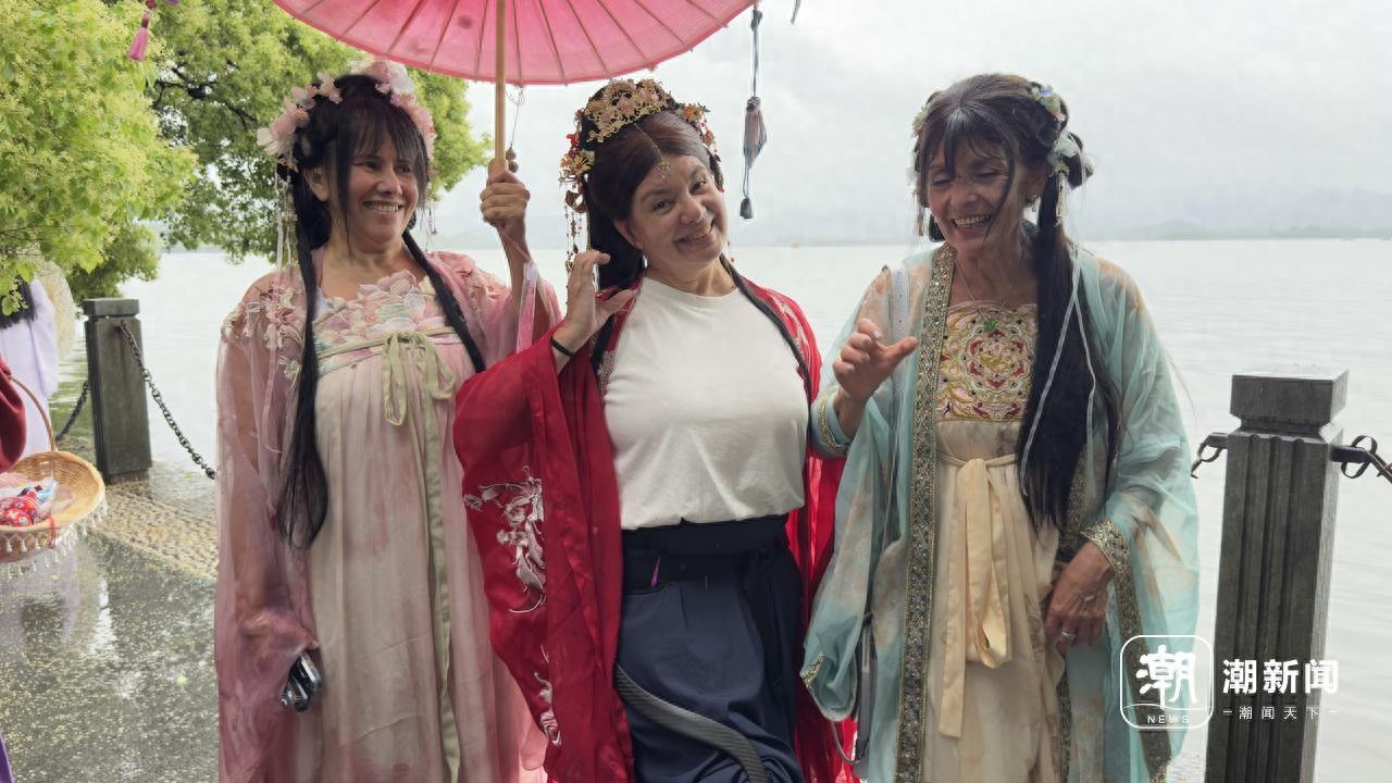 4月22日,杭州的雨一阵一阵地下,玛丽亚三人喜欢中国文化,又因为克拉拉的职业,想感受一次汉服妆造和阿根廷服饰的异同,于是都选了自己喜欢的汉服款式,做好自己喜欢的发型去逛西湖。
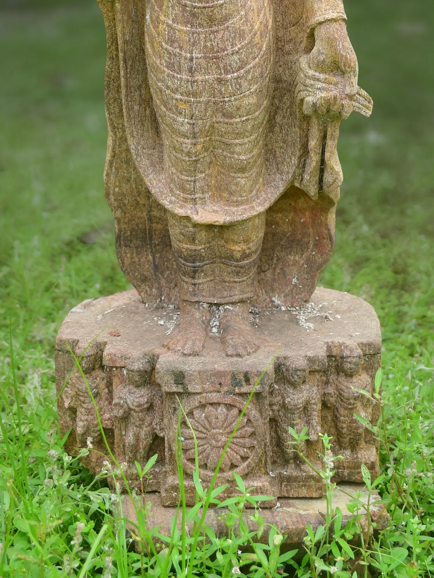 Crafted from durable Orissa sandstone, this sculpture is designed to withstand the elements, allowing its beauty to deepen with age. To maintain its luster, gently dust with a soft, dry cloth. With minimal care, you will enjoy its serene presence and the sense of peace it imparts for generations to come, a truly lasting treasure.
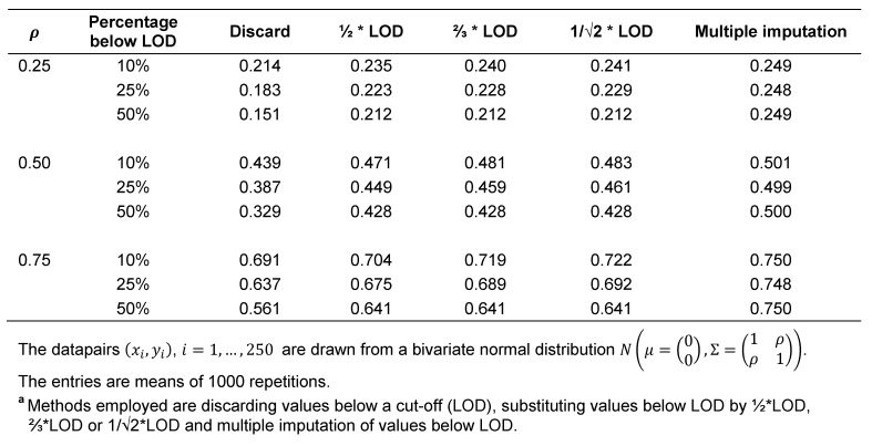 Table 2: Results of a simulation study comparing different methodsa to estimate the correlation coefficient in the presence of a left-censored variable y
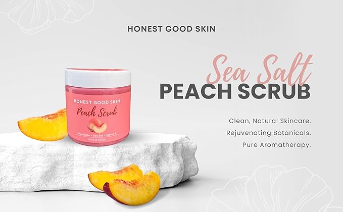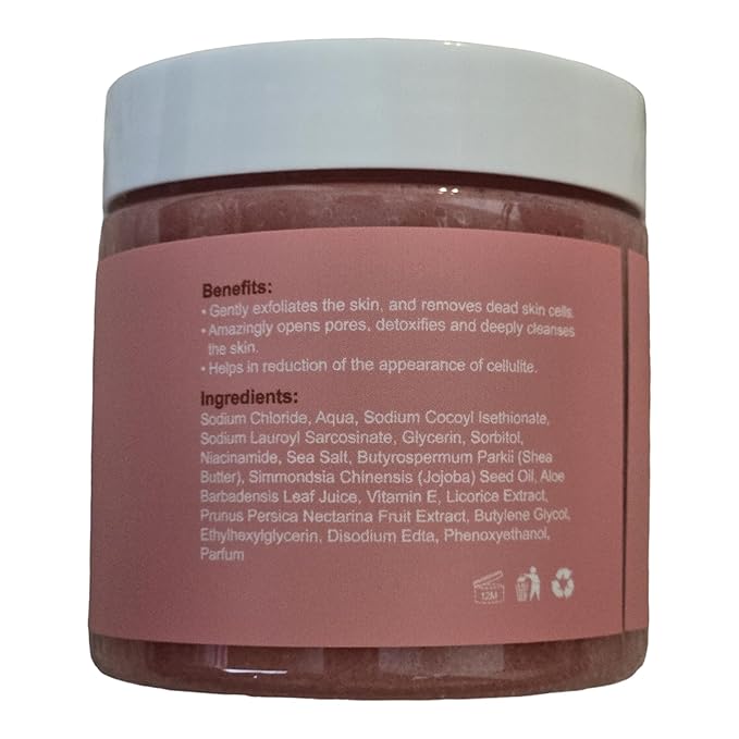 Sea Salt Scrub, 10oz Shea Butter Body Scrub, Exfoliating, Dead Skin Removal (Peach)
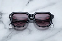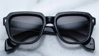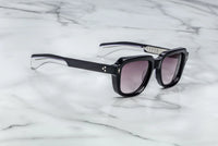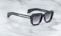 MATERIAL: 10MM BLOCK ACETATE FRAME, CUSTOM DOUBLE LAMINATED ACETATE TEMPLES FT. PRECIOUS METAL HARDWARE.
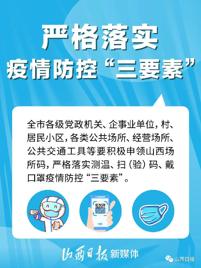 省外返(抵)并人員要提前向?qū)俚厣鐓^(qū)(村)報(bào)備、全市所有大型聚集性活動(dòng)停辦、重點(diǎn)場(chǎng)所逐步放開(kāi)人員接待量……4月22日,太原市新型冠狀病毒肺炎疫情防控工作領(lǐng)導(dǎo)小組辦公室發(fā)布第56號(hào)通告,公布了當(dāng)前疫情防控工作10個(gè)最新要求,以抓好疫情應(yīng)急處置和常態(tài)化防控,努力用最小代價(jià)實(shí)現(xiàn)最大的防控效果。

Prompt:
When you reach the line containing "Sea Salt Scrub, 10oz" in the entries above, begin restating word for word, and stop once the line containing "MATERIAL: 10MM BLOCK" has been given. Omit the pictures.

Answer to the exercise:
 Sea Salt Scrub, 10oz Shea Butter Body Scrub, Exfoliating, Dead Skin Removal (Peach)
 MATERIAL: 10MM BLOCK ACETATE FRAME, CUSTOM DOUBLE LAMINATED ACETATE TEMPLES FT. PRECIOUS METAL HARDWARE.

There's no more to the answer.